We have found other, deeper, holes farther up the Pijagua, but this is our go-to. Minimal investment, but such great dividends, as coati and tayra cross the river on a fallen log that reaches across the river over our heads. Kingfishers and morphos flash by regularly, but their darting, fleeting appearances frustrate all my attempts at ‘serious photography’. And we’re always alert for the swish of leaves and crash of branches that mark the passage of a troupe of monkeys… today it’s howlers, but tomorrow it might be spiders or capuchins… we’re unlikely to see squirrel monkeys here – their diet is pretty specialized, and is usually satisfied deeper in the forest.

Downstream, our river – a creek really – flows into the Agujitas itself. I’ve yet to follow this down to the bay, scarcely a kilometer and a half as the scarlet macaw flies, that distance is trebled by the river’s foldings and turnings. I’ve got to do that hike before we go, but the kids have been forbidden to swim that stretch, as we’ve seen 6-foot crocodiles sweeping through the murk at the rivermouth. But for now, today, we cross the Pijagua, then cross the Agujitas, and climb the steep bank up to don Emilio’s orchard. Here he’s got 50 hectares of bananas, plantains, and cacao. Leaf cutter highways crisscross the forest floor. We stop to find all the different castes, a two-centimeter militant with pincers gaping as we prod her with a twig. And we hunt for all the stages of cacao, from tiny flowers budding straight from the trunk, to fruit rotting where it hangs. It strikes me, seeing that decaying pod, that the fermentation, one of the keys to the process that is chocolate, wouldn’t have been hard to stumble on here where decay reigns hand in hand with fecundity. But the real action is at the end of a somewhat sinuous row of banana trees, pendulous with fruit, colors ranging from bright green to deep yellow, just tinged with brown. On this particular day Oscar, Ines, and I are joined by the Michael and his kids (I think Joy and Laura have their own adventure today), and everybody forgets the heat for a few minutes while we munch perfect bananas, nestled in the winding buttresses of a 30 meter Ceiba. Flavor takes over my mind for a moment, but I always have to look in from the outside, and I think I may never have tasted a banana this good, and I am so glad Michael and his kids are here to eat with us, since it’s really his off-the-cuff career advice over beers last summer that started us down the trail leading to this produce stand in the bosque.

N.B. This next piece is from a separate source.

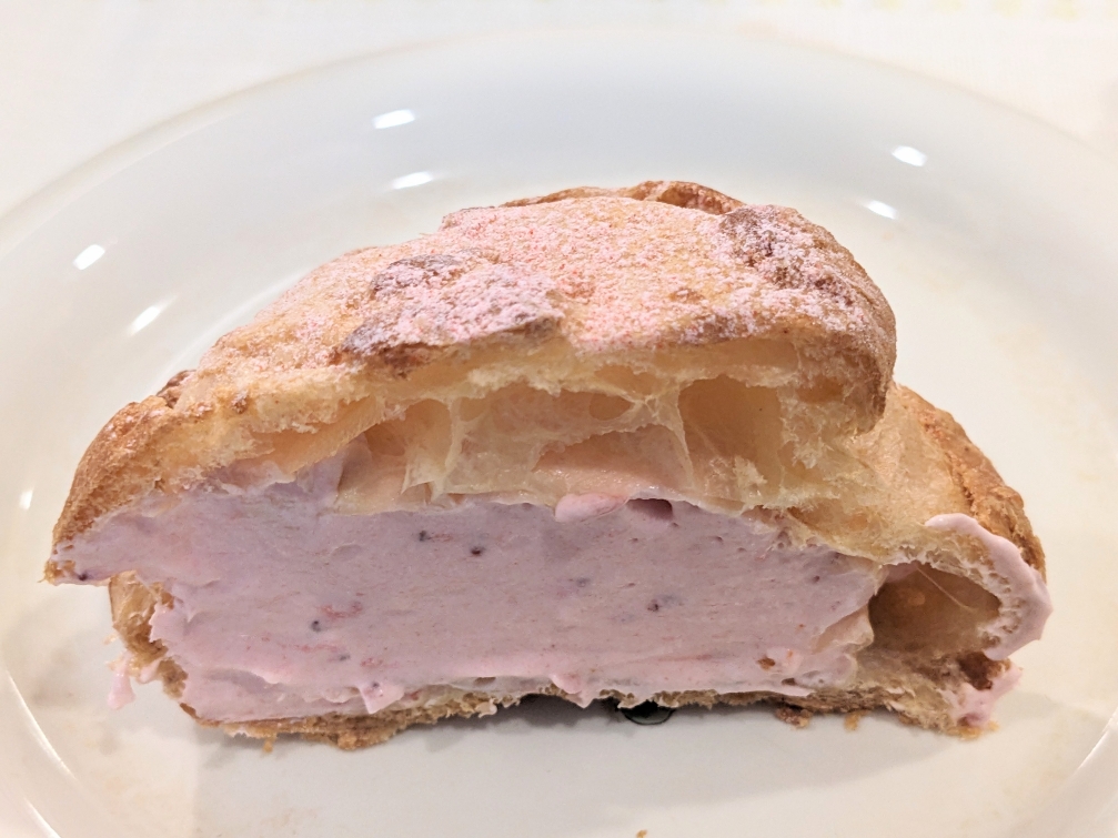 表面はこんがり焼き色、中身はチーズケーキです。甘過ぎず、チーズのケーキの濃厚な香りが楽しめるシュークリームです。

Back at home, a downpour is coming, and lighting flashes occasionally behind purple bulking clouds. This is a rainforest, which has a technical definition, but here in the year’s driest month it means storms, frequently threatening, rarely manifesting, and quickly dissipating. For 30 minutes or an hour, rain hammers the aluminum roof, the sky’s speech multiplied and translated and drowning out all conversation. One just eases into the hammock and listens, watching the leaves shiver and dance. After it’s all over, we hike back down the road to town to Heladeria Popis for a cold one which, as it requires another tromp through the rain’s sweating, misty aftermath, we must truly want.

I guess there’s no lesson here. No insight. Not that I’m trying to avoid those. For now, the place is the thing. It’s enough to just experience the best this place has to offer, without worrying about what it’s not giving me. What it gives without reference to what I need.

I think I’ll add photos later, but for now I’m just enjoying the mind’s-eye view. Maybe you will, too?